I got a callout from our monitoring system, alerting me of a high Average Wait Time on one of my production servers:

image

The baseline average wait value for this server is around 9ms, so an average in the 900ms range is a definitive sign of something. Whether it is a sign of something bad or not is for the investigation to decide. All other operating parameters where in the normal range, both for the SQL Server and the connected application servers. Usually, such warnings are accompanied by a complaint from the application team about slow application performance, but not today.

Analysis

I started out running Mr. Randal’s brilliant wait stats scripts. As the graph from the monitoring system contained a lot of jitter, I went with http://www.sqlskills.com/blogs/paul/capturing-wait-statistics-period-time/ and let it run for the 30 minute default period when the waits were high to se what was going on. The result revealed that LCK_M_U had joined the usual band of ASYNC_NETWORK_IO, TRACEWRITE and CXPACKET waits:

image

LCK_M_U indicates that someone somewhere is waiting for an update lock. This particular system has a very high Read ratio versus Writes, and most writes are done during nightly update tasks. As such, this wait type was not expected and further analysis was needed. I found an old article by Kendra Little describing how to collect data using  sp_WhoIsactive: http://www.littlekendra.com/2011/02/01/whoisactive/

Using her example as a guide, I created a script to collect some data in my monitoring database. To use this script, you need a user database that you can play around with and an up to date version of Adam Machanics sp_WhoIsactive. I tried using the @find_block_leaders option, but I ran in to a known recursion level limitation so I had to remove it. The script has three parts:

Create a table

This part creates a table tagged with todays date to make it easy to separate different troubleshooting sessions. You could also schedule daily automatic runs of the entire script to collect data at specific times each day.

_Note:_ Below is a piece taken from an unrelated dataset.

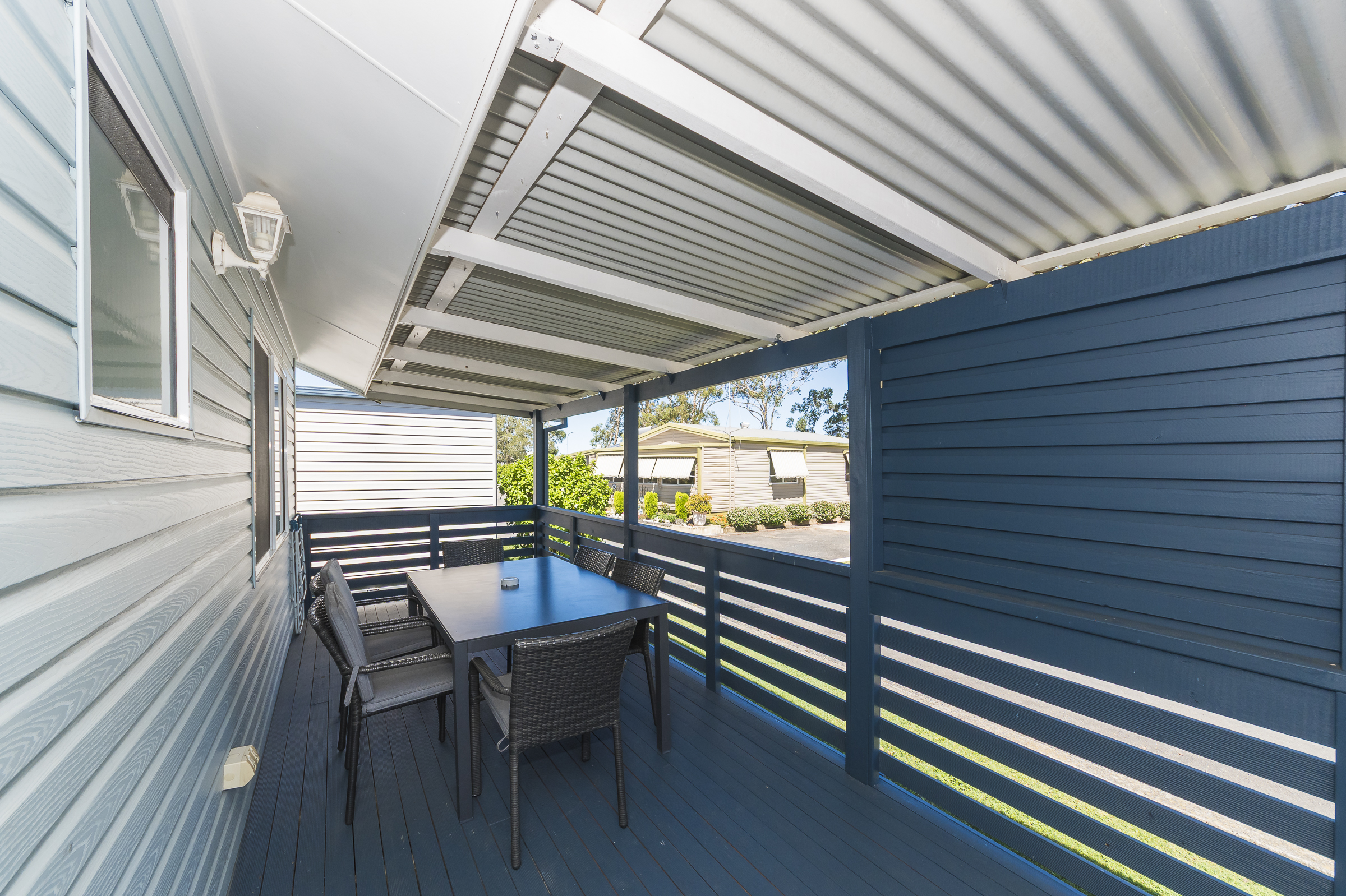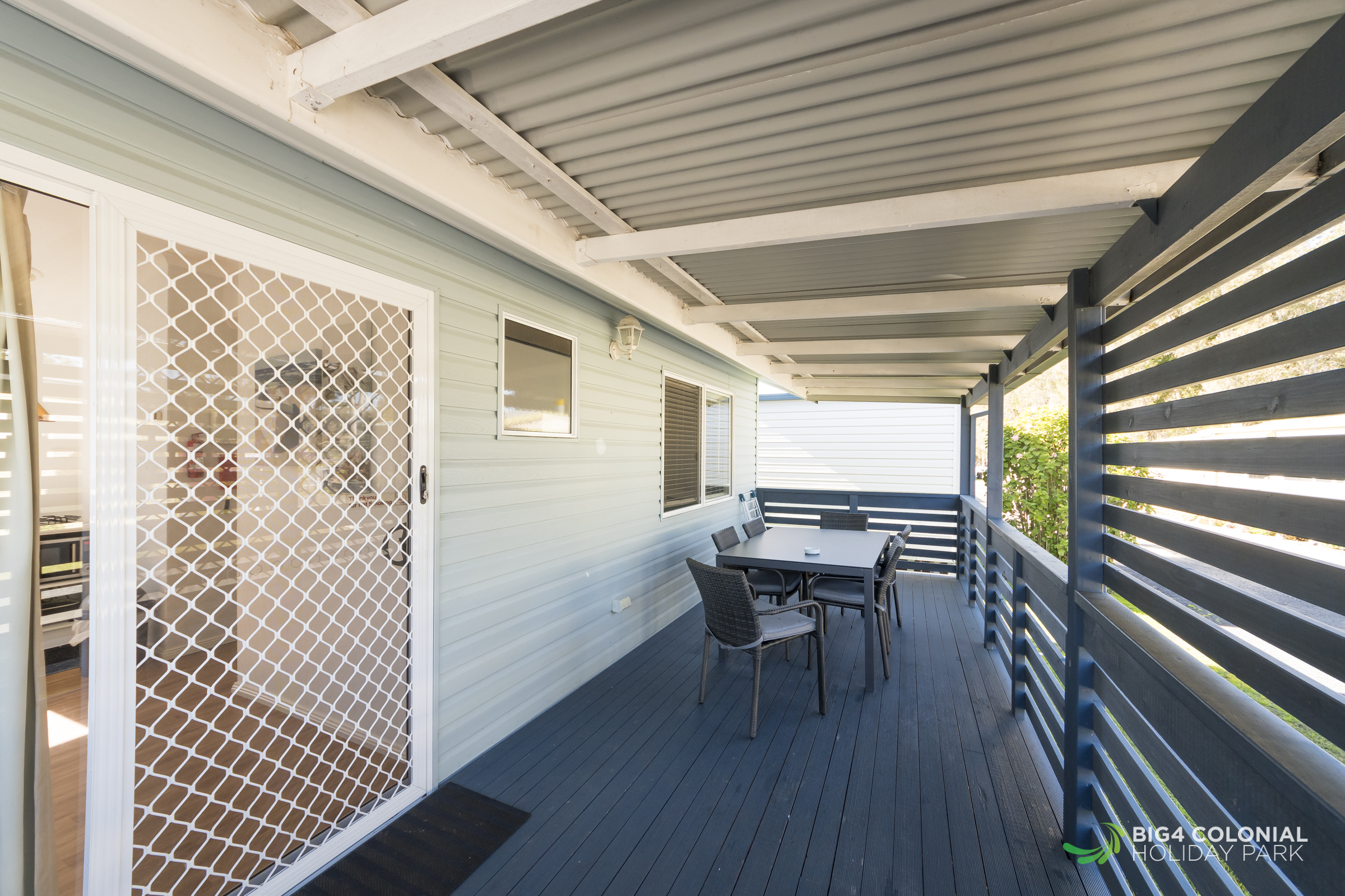 The generous covered verandah includes a table and chairs for alfresco dining and is gated to keep dogs and small children safe. There’s a parking space right next to the cabin for one vehicle.

DECLARE @destination_table VARCHAR(4000) ;
SET @destination_table = 'WhoIsActive_' + CONVERT(VARCHAR, GETDATE(), 112) ;
 
DECLARE @schema VARCHAR(4000) ;
EXEC dbo.sp_WhoIsActive
@get_transaction_info = 1,
@get_plans = 1,
@find_block_leaders = 0,
@get_locks=TRUE,
@RETURN_SCHEMA = 1,
@SCHEMA = @schema OUTPUT;
 
SET @schema = REPLACE(@schema, '<table_name>', @destination_table) ;
 
PRINT @schema
EXEC(@schema) ;
GO
</table_name>

Collect data

You can run this part several times, and the intervals can be adjusted to suit your needs. Just be aware that if you cross midnight, you either have to create another table for the new day, or modify the collection script to log to yesterdays table.

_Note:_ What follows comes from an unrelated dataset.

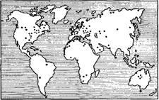 Как уже отмечалось выше, к настоящему времени установлено около 100 “астроблем”. Распределены они следующим образом (рис. 10): в Европе их насчитывается 30, в Северной Америке— 26, в Африке — 18, в Азии — 14, в Австралии — 9, в Южной Америке — 2.
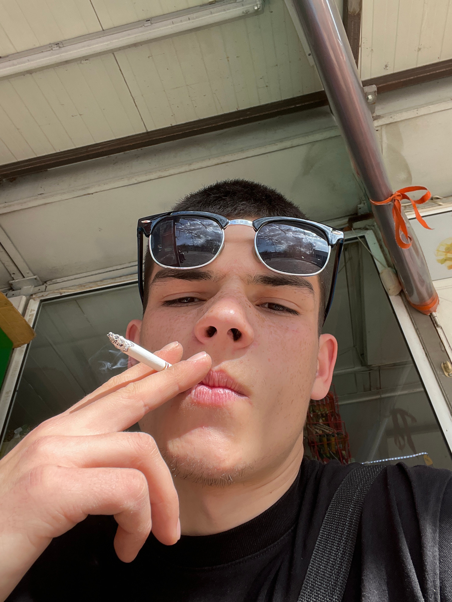 The image displays a young man, seen from a slightly elevated perspective, with his head tilted to the left. He is in the act of smoking a cigarette, holding it to his lips with his right hand, and a…read more

DECLARE @destination_table VARCHAR(4000) ;
SET @destination_table = 'WhoIsActive_' + CONVERT(VARCHAR, GETDATE(), 112) ;
DECLARE @msg NVARCHAR(1000) ;
DECLARE @numberOfRuns INT ;
SET @numberOfRuns = 100 ;
 
WHILE @numberOfRuns &gt; 0
    BEGIN;
        EXEC dbo.sp_WhoIsActive 
		@get_transaction_info = 1, 
		@get_plans = 1, 
		@find_block_leaders = 0, 
		@get_locks=TRUE,
		@DESTINATION_TABLE = @destination_table ;
 
        SET @numberOfRuns = @numberOfRuns - 1 ;
 
        IF @numberOfRuns &gt; 0
            BEGIN
                SET @msg = CONVERT(CHAR(19), GETDATE(), 121) + ': ' +
                 'Logged info. Waiting...'
                RAISERROR(@msg,0,0) WITH nowait ;
 
                WAITFOR DELAY '00:00:05'
            END
        ELSE
            BEGIN
                SET @msg = CONVERT(CHAR(19), GETDATE(), 121) + ': ' + 'Done.'
                RAISERROR(@msg,0,0) WITH nowait ;
            END
 
    END ;
GO

The default is 100 runs at 5 second intervals. I had to run the collection script three times to get the data I wanted, so don’t give up if you don’t catch it on the first run.

Analyze the data

Two sample analysis scripts. The first one gives you all the collected data sorted by collection time, the second filters out the LCK_M_U waits only and has a hardcoded table name as I didn’t finish the first day.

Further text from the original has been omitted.